### [What the exercise asks]
Go to the line below that contains "The Free Weight". From there to the end of the records, reproduce each line exactly, except the pictures.

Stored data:
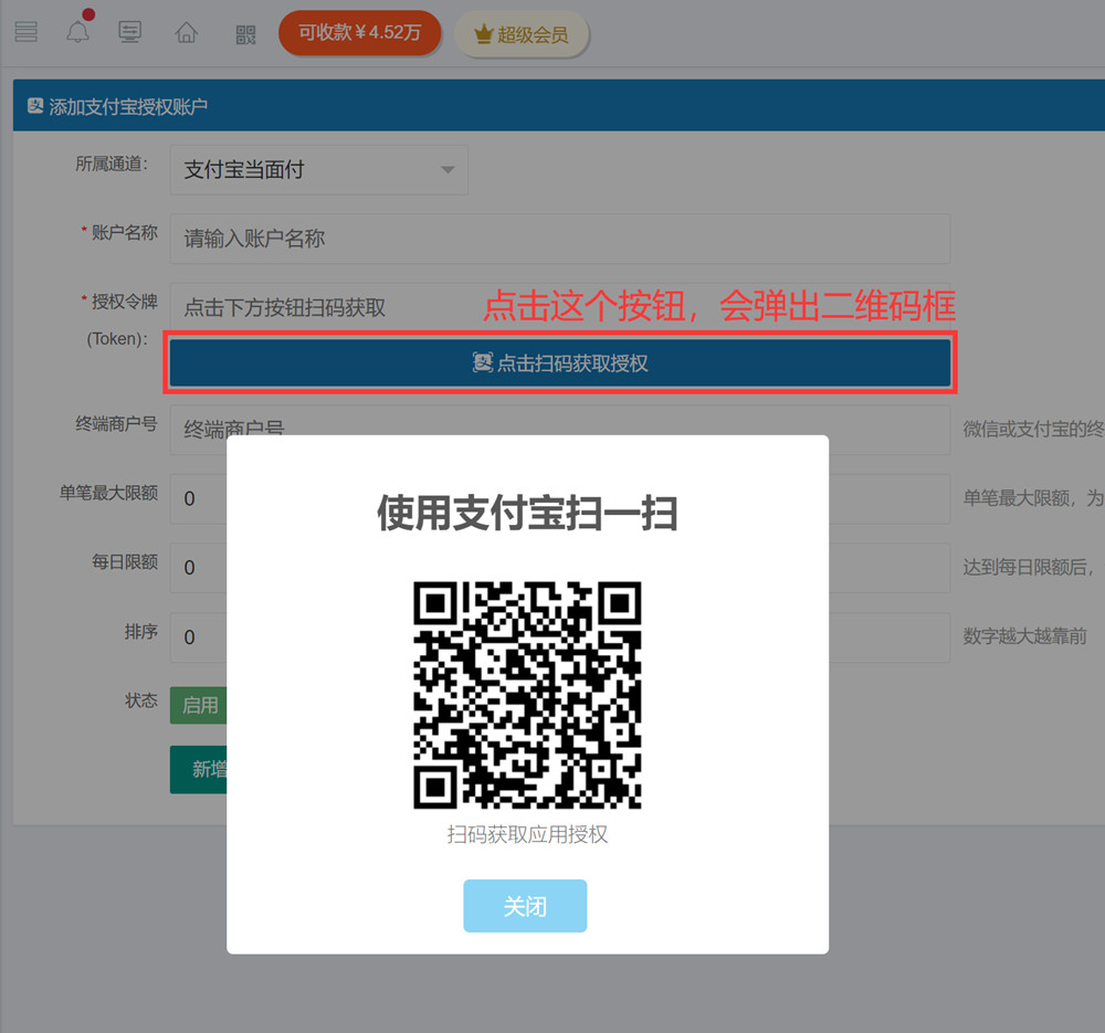 2、点击“添加支付宝授权账户”按钮,跳转到添加页面后,点击蓝色的“点击扫码获取授权”按钮,使用手机支付宝扫一扫
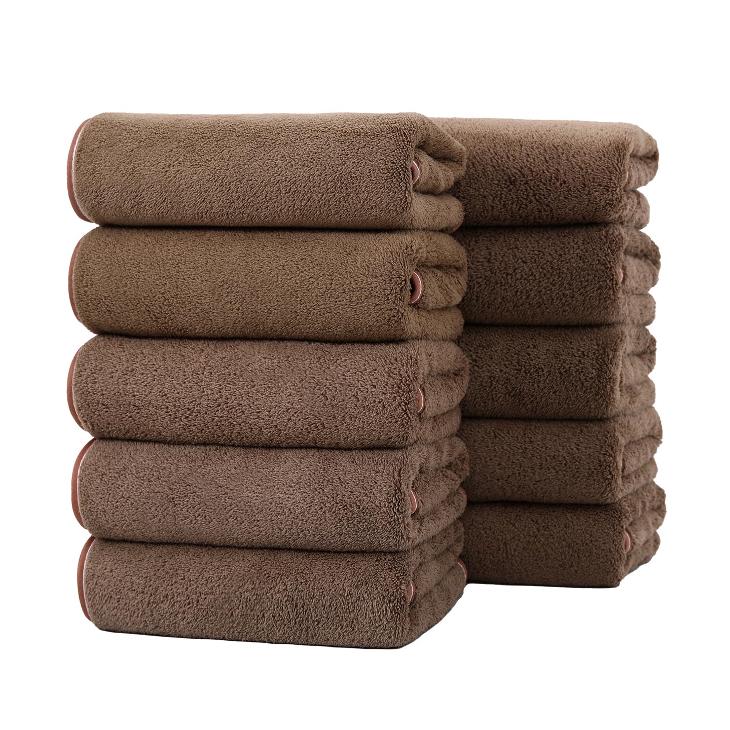 フェイスタオル マイクロファイバー 10枚セット タオル ホテル仕様 35x75cm ふわふわ 瞬間吸水 速乾 耐久性 家庭 業務用 エステ サロン バス用品 新生活 ギフト (ブラウン)
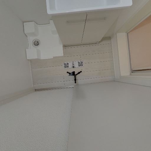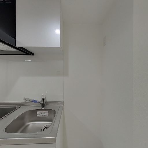 • 洗濯機置き場の存在(確度77%):底面画像に給水栓と排水口、コンセントがあり、洗濯機置き場と思われる。周囲は防水パンかカウンタースペース。
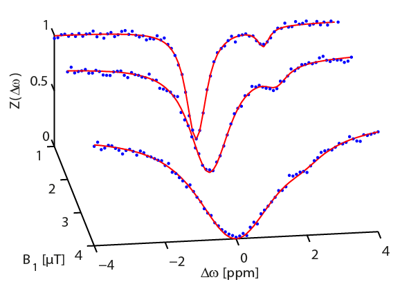 Here you find Z-spectrum simulations in the case of a two and three pool systems under continous wave (cw) irradiation. For a two pool system also the solution for pulsed spinlock irradiation is given.
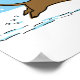 Happy drawing of a Wiener Dog running in the winter snow with snowflakes coming down. Cute holiday poster for Dachshund lovers. This cheerful design makes a fun Christmas gift for the sausage dog lover in your life.
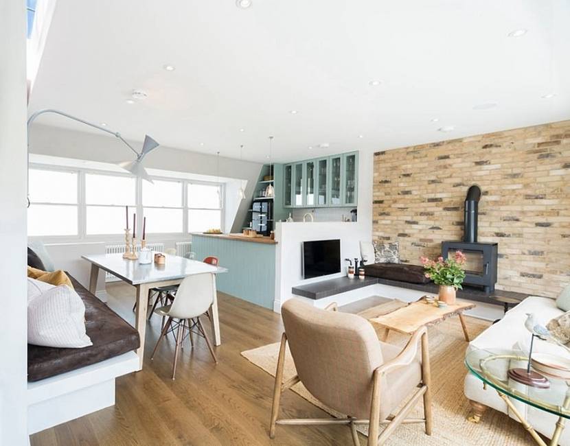 Нередко кухня, столовая и гостиная могут быть объединены в одно помещения с функциональным разделением посредством интерьера. Тип студии, предполагающий визуальное расширение пространства за счёт минимума перегородок, может быть оптимальным вариантом для дизайна дома 7 на 8.
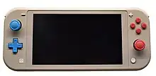 The Switch Lite launched on September 20, 2019, in three colors: yellow, grey, and turquoise. The system was promoted alongside The Legend of Zelda: Link's Awakening, a remake of the 1993 Game Boy game. A special Pokémon Sword and Pokémon Shield branded version of the Switch Lite, themed around the Pokémon Zacian and Zamazenta, launched on November 8, 2019, a week before the game's release.[84] A coral color was released on March 20, 2020, in Japan, and on April 3 in the rest of the world.[85] A blue color released on May 7, 2021, in Europe, and on May 21 in the rest of the world.[86] A special Pokémon Dialga and Palkia limited edition was released on November 5, 2021, 14 days before the release of Pokémon Brilliant Diamond and Shining Pearl. This special edition pays homage to the Nintendo DS Lite Dialga and Palkia edition.[87]
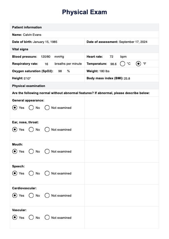 Verminder de administratieve lasten van fysieke examens met ons aanpasbare sjabloon voor lichamelijk onderzoek, geschikt voor zowel eenvoudige als uitgebreide examens, met een interactieve checklist en bonusruimte voor aanvullende informatie.
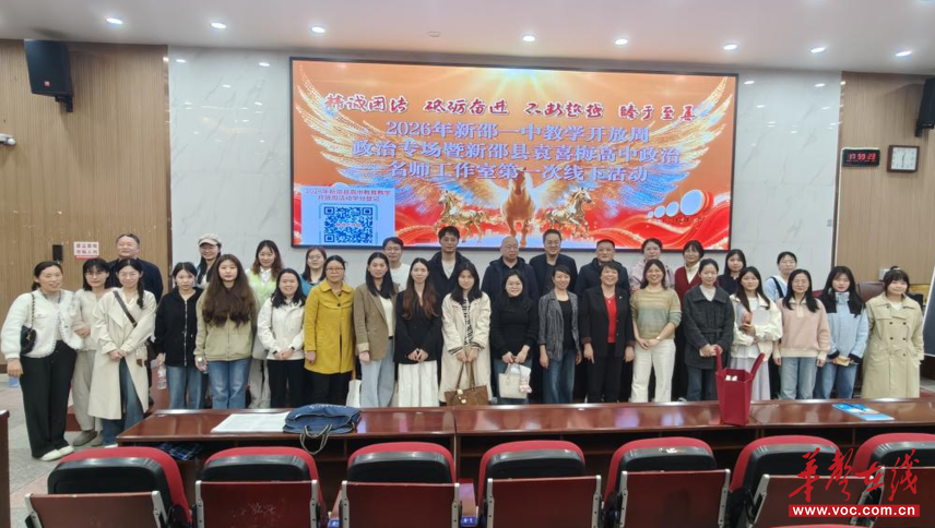 华声在线4月17日讯(通讯员 段婷 李丽梅)为深化高中思政课堂教学改革,搭建校际教研交流平台,精准把握高考备考方向,全面提升教育教学质量,4月15日,新邵县教育教学开放周政治专场活动暨袁喜梅政治名师工作室2026年首次线下研修活动在新邵一中顺利举行。全县各高中学校政治教师代表、工作室全体成员齐聚现场,共研课堂、共话备考、共促成长。
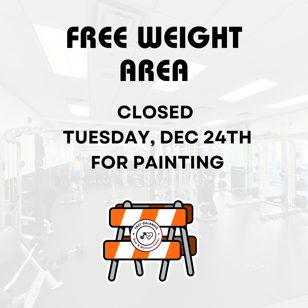 The Free Weight Area will be closed on Tuesday, December 24th for painting.
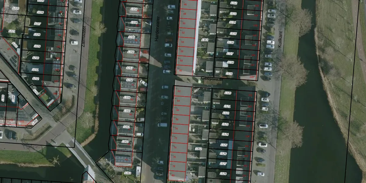 Het perceel waarop Harderwater 62 staat heeft een oppervlakte van 1170 m². Dit is een zeer groot perceel. De perceeloppervlakte wordt geregistreerd door het Kadaster. Gedetailleerde informatie over de maten van dit perceel kunt u vinden in het rapport Kadastrale kaart met maatvoering van Harderwater 62.

### [Problem solution]
 The Free Weight Area will be closed on Tuesday, December 24th for painting.
 Het perceel waarop Harderwater 62 staat heeft een oppervlakte van 1170 m². Dit is een zeer groot perceel. De perceeloppervlakte wordt geregistreerd door het Kadaster. Gedetailleerde informatie over de maten van dit perceel kunt u vinden in het rapport Kadastrale kaart met maatvoering van Harderwater 62.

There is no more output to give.